A second was Fred M. Wilcox's 1956 Forbidden Planet, with its "electronic tonalities" by Louis and Bebe Barron. The 1950s were the decade of lots of "futuristic" sci-fi music featuring the electronic theremin. But despite the intent of such composers as Bernard Herrmann to write valid music for it, the theremin never succeeded in sounding like much more than a generically "eerie" sound effect. The Barrons' score for Forbidden Planet, however, was truly electronic music, futuristic yet pleasant to listen to and perfectly matched to each scene, however much the American Federation of Musicians (the labor union that controlled Hollywood's movie music in the '50s) may have tried to deny it by requiring MGM to say that Forbidden Planet did not have any music, only tonalities.

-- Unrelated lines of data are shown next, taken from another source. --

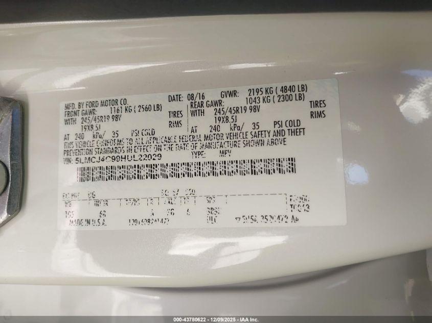 2017 LINCOLN MKC - 5LMCJ4C99HUL22029, колір - Білий, 2.0, Бензин, Передній привід із США
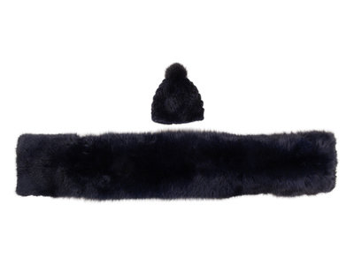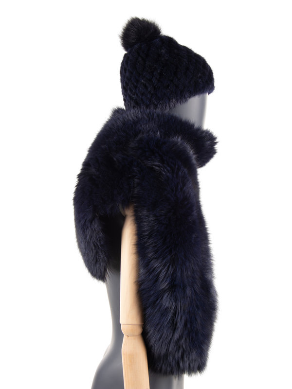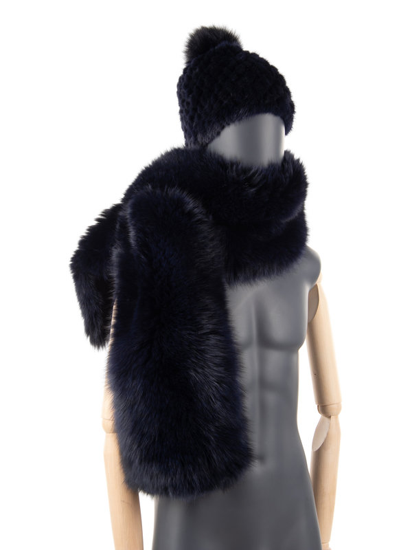 Dark blue fox fur wrap with slit opening; paired with matching dark blue mink on black knit beanie hat with fox fur pouf.
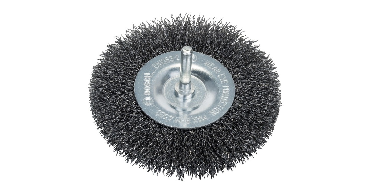 Die Scheibenbürste 1609200273 von Bosch liefert ein feines Oberflächenfinish. Die Bürste ist mit gewellten Stahldraht ausgestattet und eignet sich besonders für leichte bis mittelschwere Reinigungsarbeiten mit hoher Drehzahl auf kleinen Flächen. Sie entfernt Anlauffarbe von Schweißnähten und reinigt kleinere Flächen aus Eisenmetall und Nichteisenmetall sowie Kanten und Fugen. Außerdem eignet sich die Scheibenbürste zum Entfernen von Rost oder Farbe, zum Schruppen und Mattschleifen. Sie ist für Bohrmaschinen mit 6mm Schaft geeignet.Art.-Nr.: 1680926
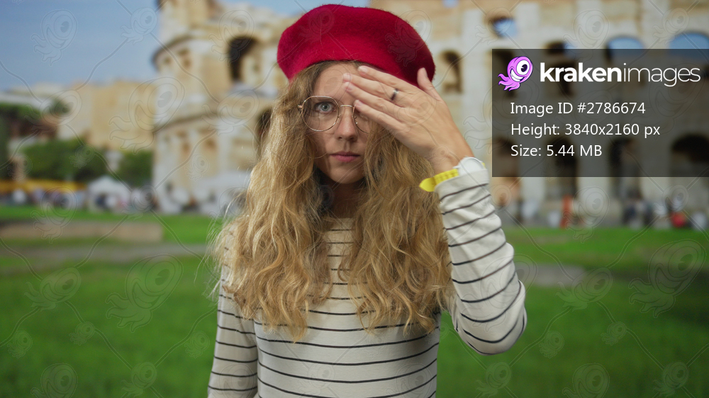 Woman uses hand covering eyes in italy, as blonde young beret and glasses style highlights colosseum backdrop with a striped shirt.
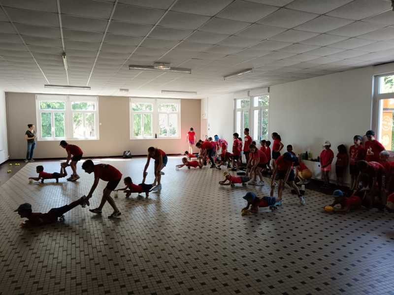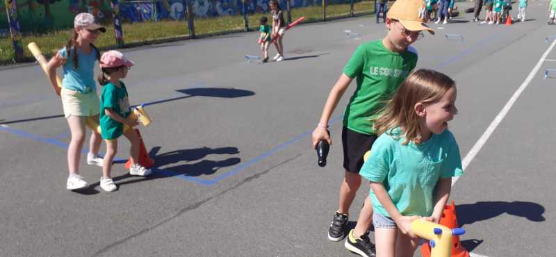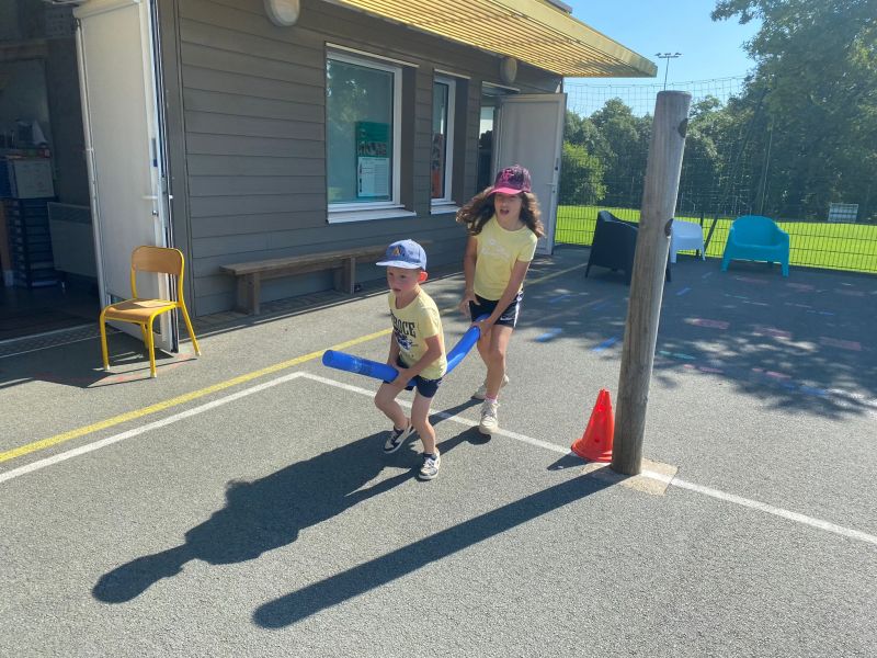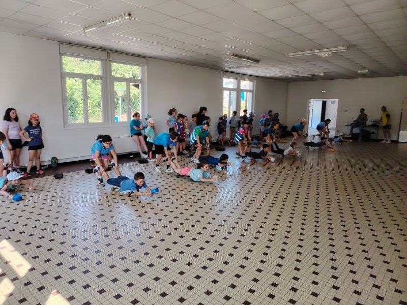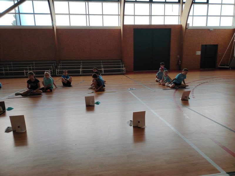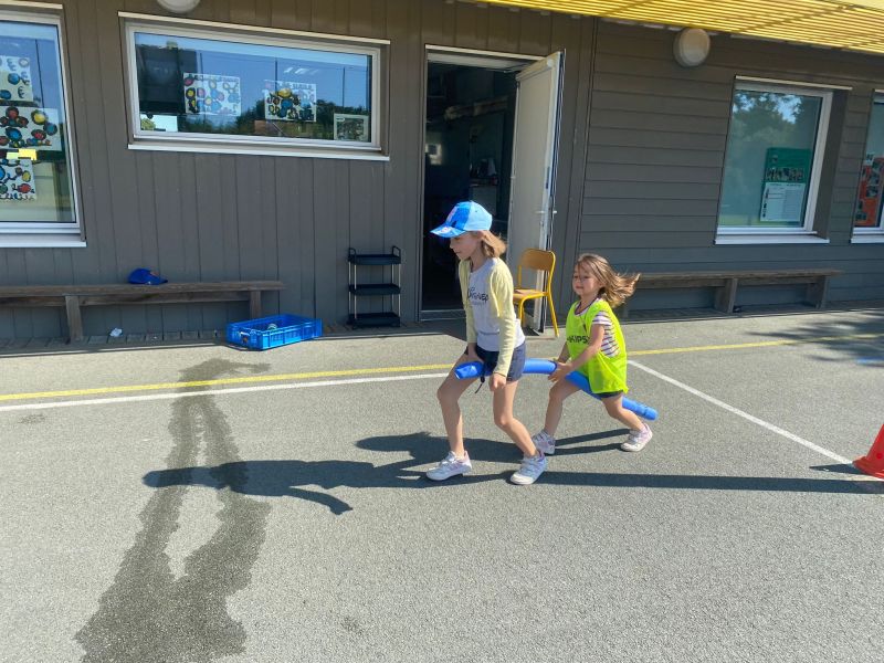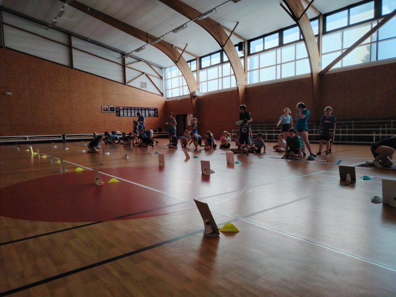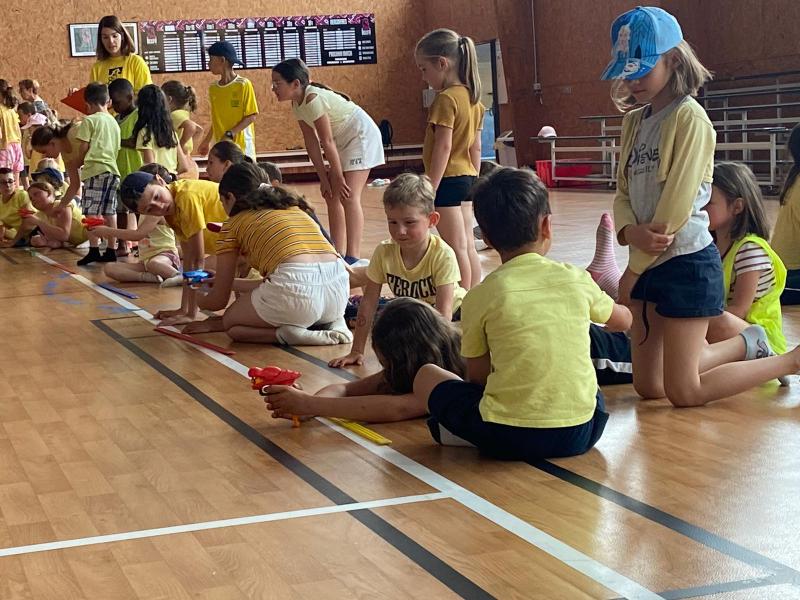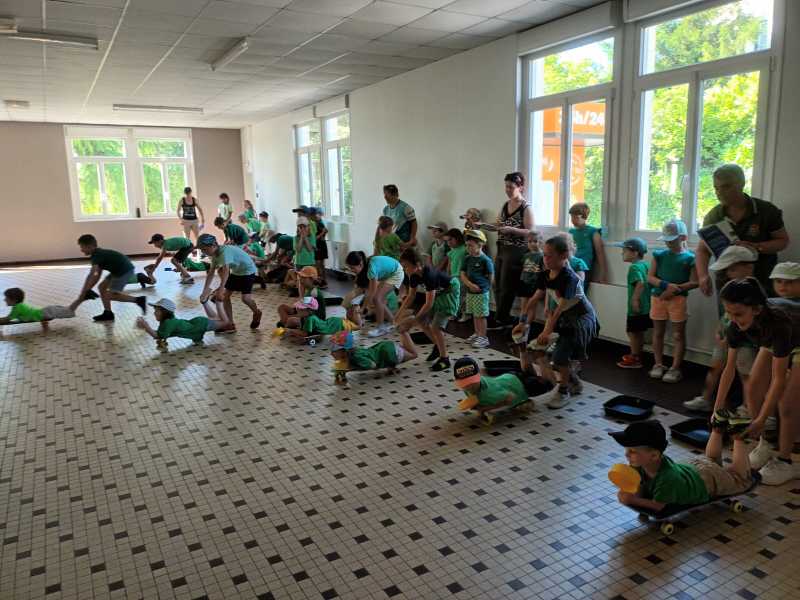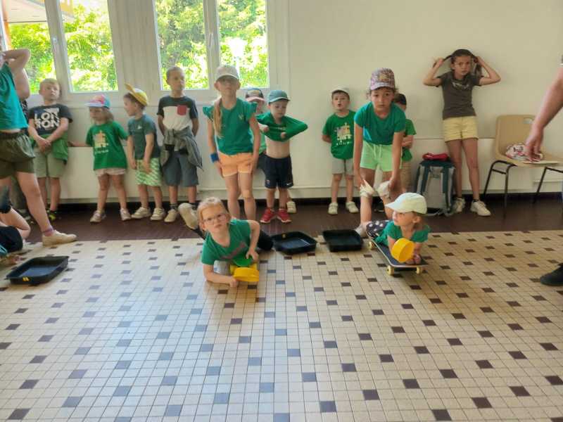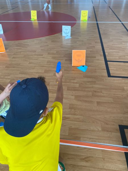 Puis, après un petit échauffement, les équipes ont commencé le roulement des 5 ateliers : le tir avec des Nerfs, les chaises musicales collaboratives, l’hippo-glouton avec skateboard, lancer de sacs dans des cerceaux et relais de -frites à 2.
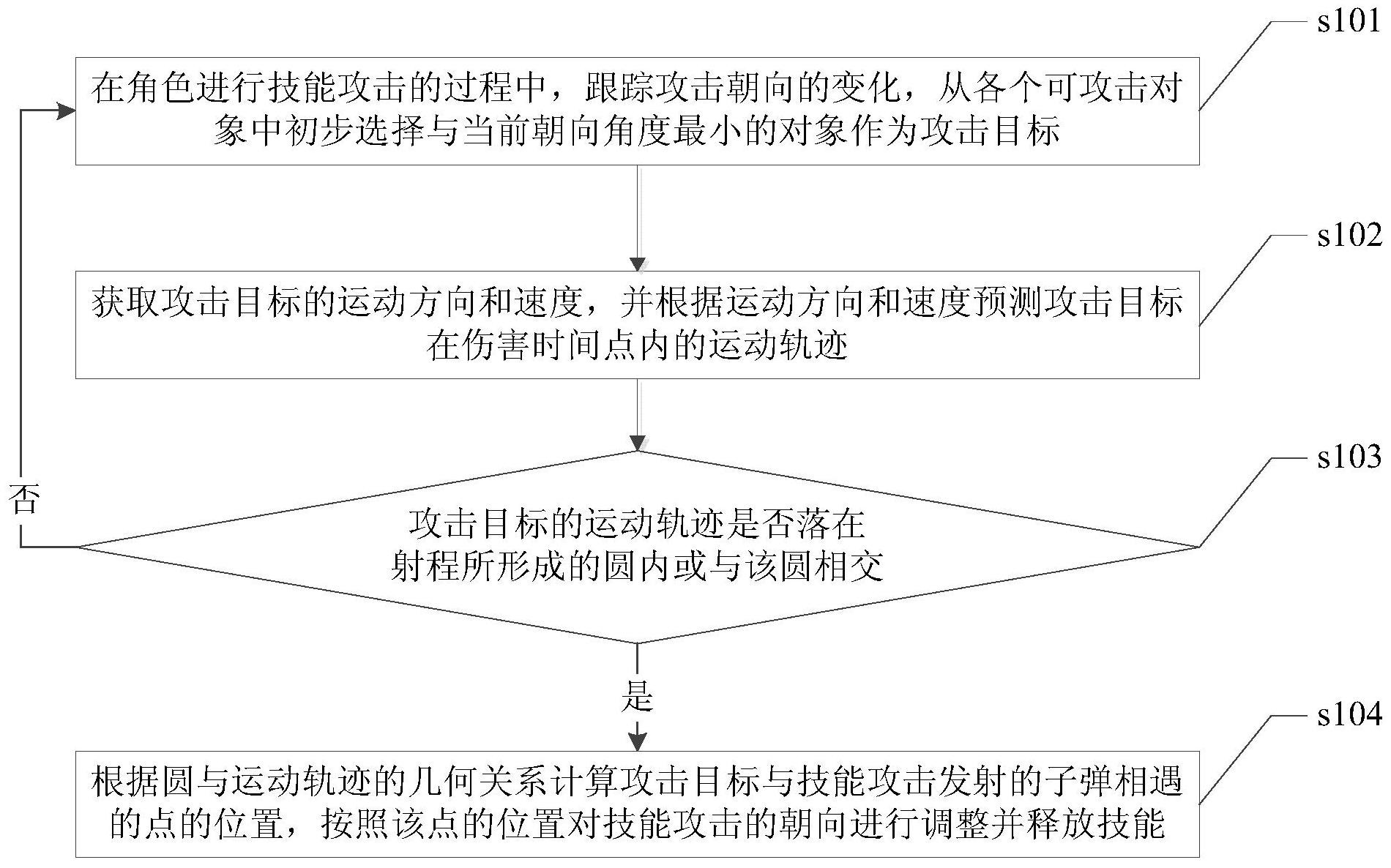 本发明公开了一种协助瞄准的方法与系统,先选择一个与当前朝向角度最小的对象作为攻击目标,再结合目标的运动规律预测目标的运动轨迹,计算运动轨迹与子弹碰撞的位置,按照该位置调整朝向并释放技能。相比手动确定攻击目标和攻击方向的传统方法,本发明在准确性、便利性和效率上具有明显的优势,大大提高了玩家的游戏体验。

The third, of course, is Katsuhiro Otomo's Akira with its throbbing, primal music by Geinoh Yamashirogumi; the Yamashiro Artistic Group led by Shoji Yamashiro. Otomo has said that he had the Yamashirogumi in mind from the start, and approached them even though he feared they would turn him down because they did not do movie music. Fortunately they accepted the assignment. Their taiko-like drumming and powerfully resonant masculine choral musical depiction of 21st-century Neo-Tokyo fits Otomo's technologically advanced imagery, yet ties it into a seamless Japanese cultural gestalt stretching into the ancient past. Dynamic percussion and chanting are the most memorable aspects of Akira's score. The sparklingly metallic theme for Tetsuo created by the gamelan also stands out. It retains Tetsuo's Japanese identity yet dramatically lifts him above his pals in Kaneda's gang and signifies his transformation into something more than human: a new identity tied by the soft chorus of women's childlike voices into the world of the wizened psionic "children of the future" -- the artificially-hastened next step in human evolution.

Sure, John Williams or Jerry Goldsmith or Danny Elfman could have written an excellent score for Akira. Their Japanese counterparts like Jo Hisaishi, Kenji Kawai, Yoko Kanno or Toshiyuki Honda might have done even better. But Akira without Geinoh Yamashirogumi ... well, it just would not have been Akira.